== Information supplied

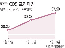 30일 국제금융센터에 따르면 한국 CDS 프리미엄(5년 만기 외국환평형기금채권)은 지난 28일 37.28bp(1bp=0.01%포인트)를 나타냈다. 한국 CDS 프리미엄은 올초 21.88bp를 나타냈으나 코로나19 확산세가 한창이던 3월 하순께 56bp까지 급등했다. 이어 코로나19가 진정 국면에 들어선 4월들어 30bp 미만으로 떨어졌다가 중순이후 다시 상승세로 전환했다.
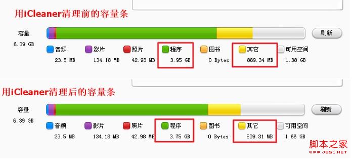 當然你也可連接同步助手或者iTunes查看容量分布,看看清理效果如何。
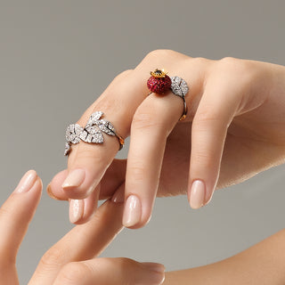 Chaque création de la collection, qu'il s'agisse d'une boucle d'oreille ou d'une bague, est réalisée avec un savoir-faire exceptionnel. Pétales et feuilles scintillent de détails complexes, évoquant la grâce de la nature à travers des pierres serties à la main et un travail d'orfèvrerie magistral.
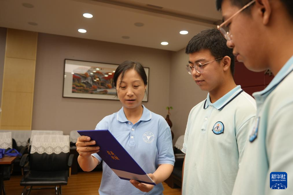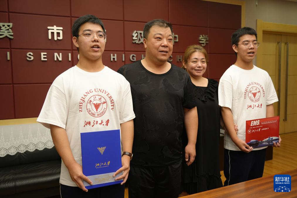 浙江大学将录取通知书送到了双胞胎兄弟手中。新华社记者武江民摄
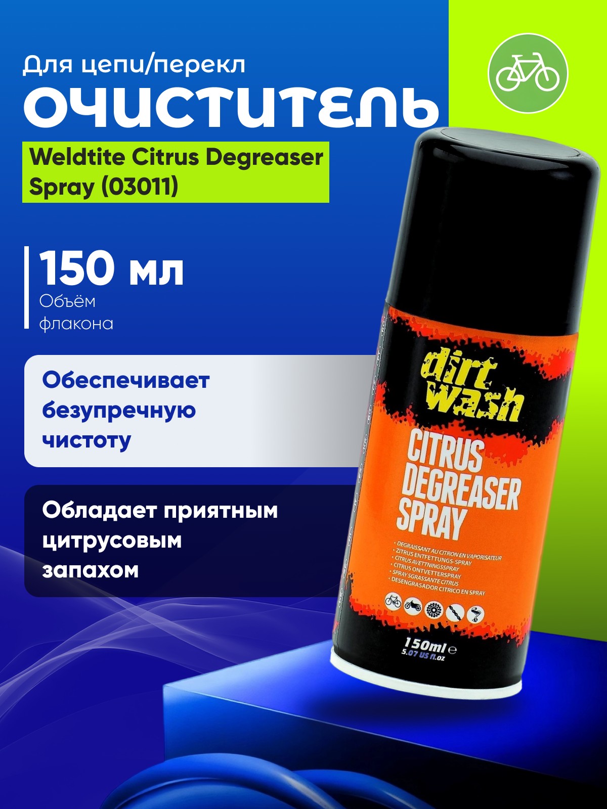 Weldtite Citrus Degreaser Spray 150 мл (03011) - ваш надежный помощник в поддержании велосипеда в идеальном состоянии. С его помощью вы сможете быстро и эффективно справиться с загрязнениями, продлевая срок службы ваших велокомпонентов и обеспечивая их безупречную работу.
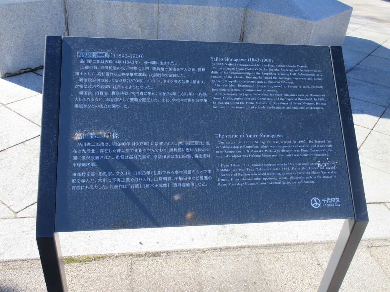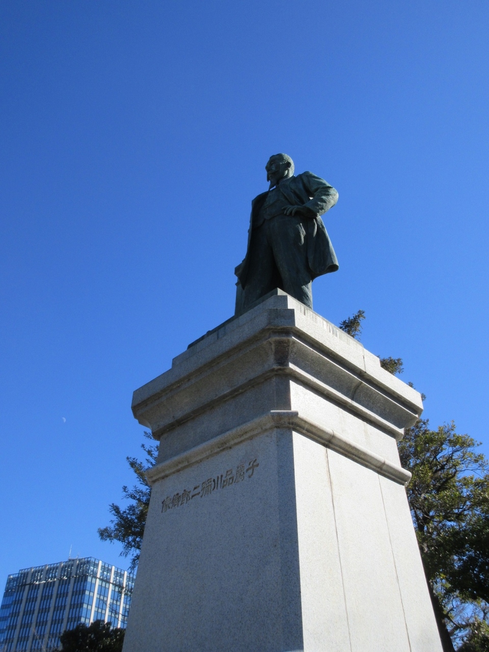 市ヶ谷から九段下界隈を散策した際、【九段坂公園】にある【品川弥二郎像】を見学しました。大山巌ほどは知られていないかもしれませんが、吉田松陰から教えを受けた門下生で、尊皇攘夷運動で活躍した方です。明治政府でも内務大臣を務め、信用組合の設立など、日本の新しい国造りに大きな功績があった方とのこと。大きな像はコート(燕尾服?)姿のひげを蓄えた姿をしており、近くの大山巌の騎馬像との対比も興味深く感じられました。
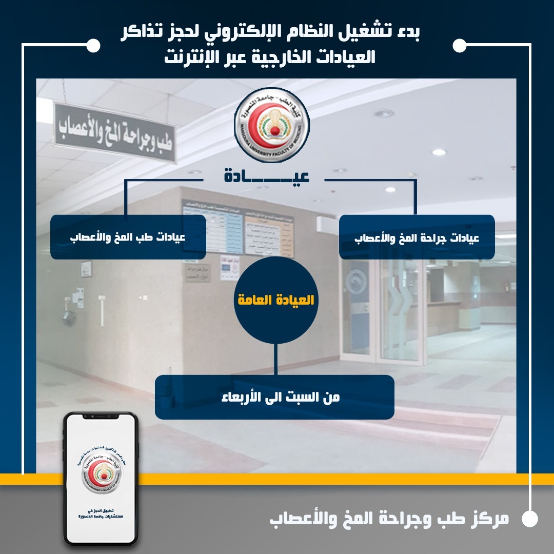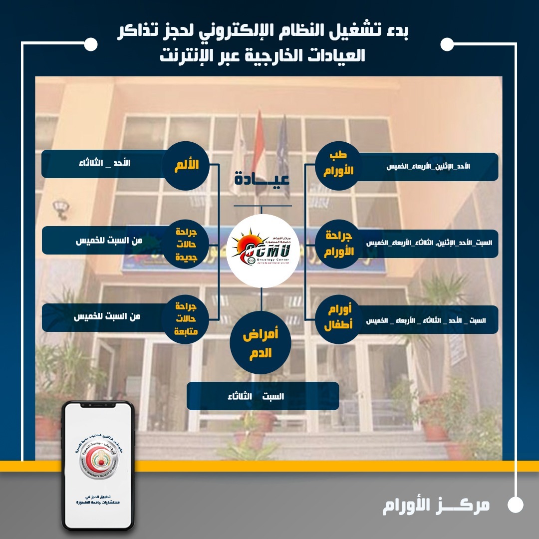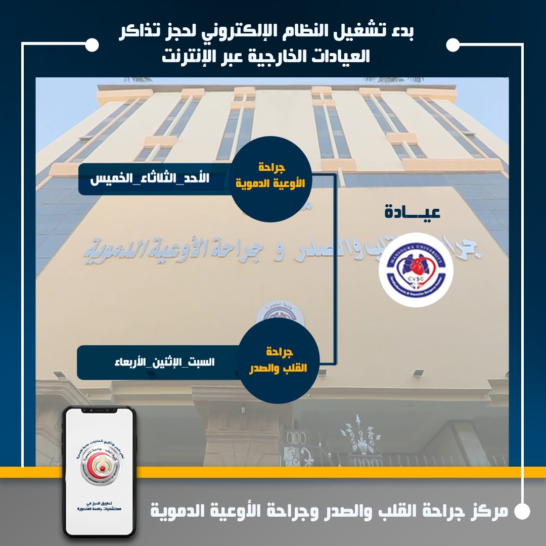 أعلنت جامعة المنصورة اليوم بدء تشغيل النظام الإلكترونى لحجز تذاكر العيادات الخارجية للمستشفيات والمراكز الطبية التابعة لها عبر الإنترنت.
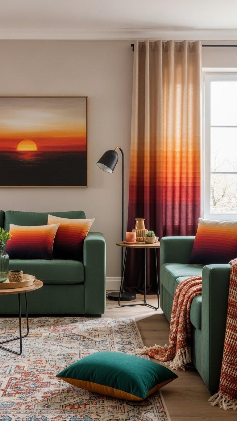 Now that you’ve chosen recycled textiles and rugs to set a sustainable baseline, apply the 60-30-10 rule to shape a balanced, inviting earth-tone palette. Use 60% neutral soil inspired palettes for walls and large furniture, 30% richer tones for upholstery and curtains, and 10% bold accents in sunset gradients. You’ll create calm structure while keeping adventurous, free-spirited pops.
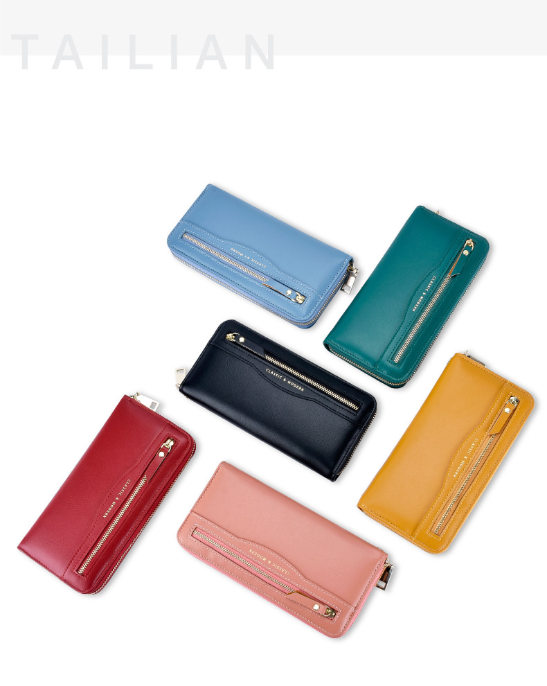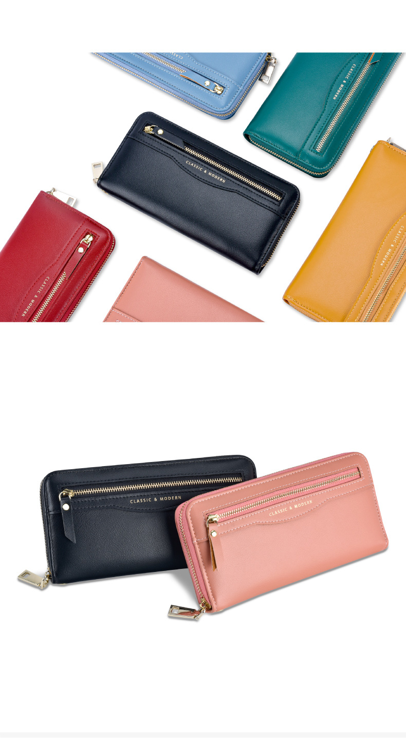 Women'S Spring&Summer Pu Leather Solid Color Fashion Square Zipper Long Wallet

====

Work required
Using the records above, return word for word the lines that begin at the one containing "Chaque création de" and end at the one containing "أعلنت جامعة المنصورة", both of them included and no pictures.

Task output
 Chaque création de la collection, qu'il s'agisse d'une boucle d'oreille ou d'une bague, est réalisée avec un savoir-faire exceptionnel. Pétales et feuilles scintillent de détails complexes, évoquant la grâce de la nature à travers des pierres serties à la main et un travail d'orfèvrerie magistral.
 浙江大学将录取通知书送到了双胞胎兄弟手中。新华社记者武江民摄
 Weldtite Citrus Degreaser Spray 150 мл (03011) - ваш надежный помощник в поддержании велосипеда в идеальном состоянии. С его помощью вы сможете быстро и эффективно справиться с загрязнениями, продлевая срок службы ваших велокомпонентов и обеспечивая их безупречную работу.
 市ヶ谷から九段下界隈を散策した際、【九段坂公園】にある【品川弥二郎像】を見学しました。大山巌ほどは知られていないかもしれませんが、吉田松陰から教えを受けた門下生で、尊皇攘夷運動で活躍した方です。明治政府でも内務大臣を務め、信用組合の設立など、日本の新しい国造りに大きな功績があった方とのこと。大きな像はコート(燕尾服?)姿のひげを蓄えた姿をしており、近くの大山巌の騎馬像との対比も興味深く感じられました。
 أعلنت جامعة المنصورة اليوم بدء تشغيل النظام الإلكترونى لحجز تذاكر العيادات الخارجية للمستشفيات والمراكز الطبية التابعة لها عبر الإنترنت.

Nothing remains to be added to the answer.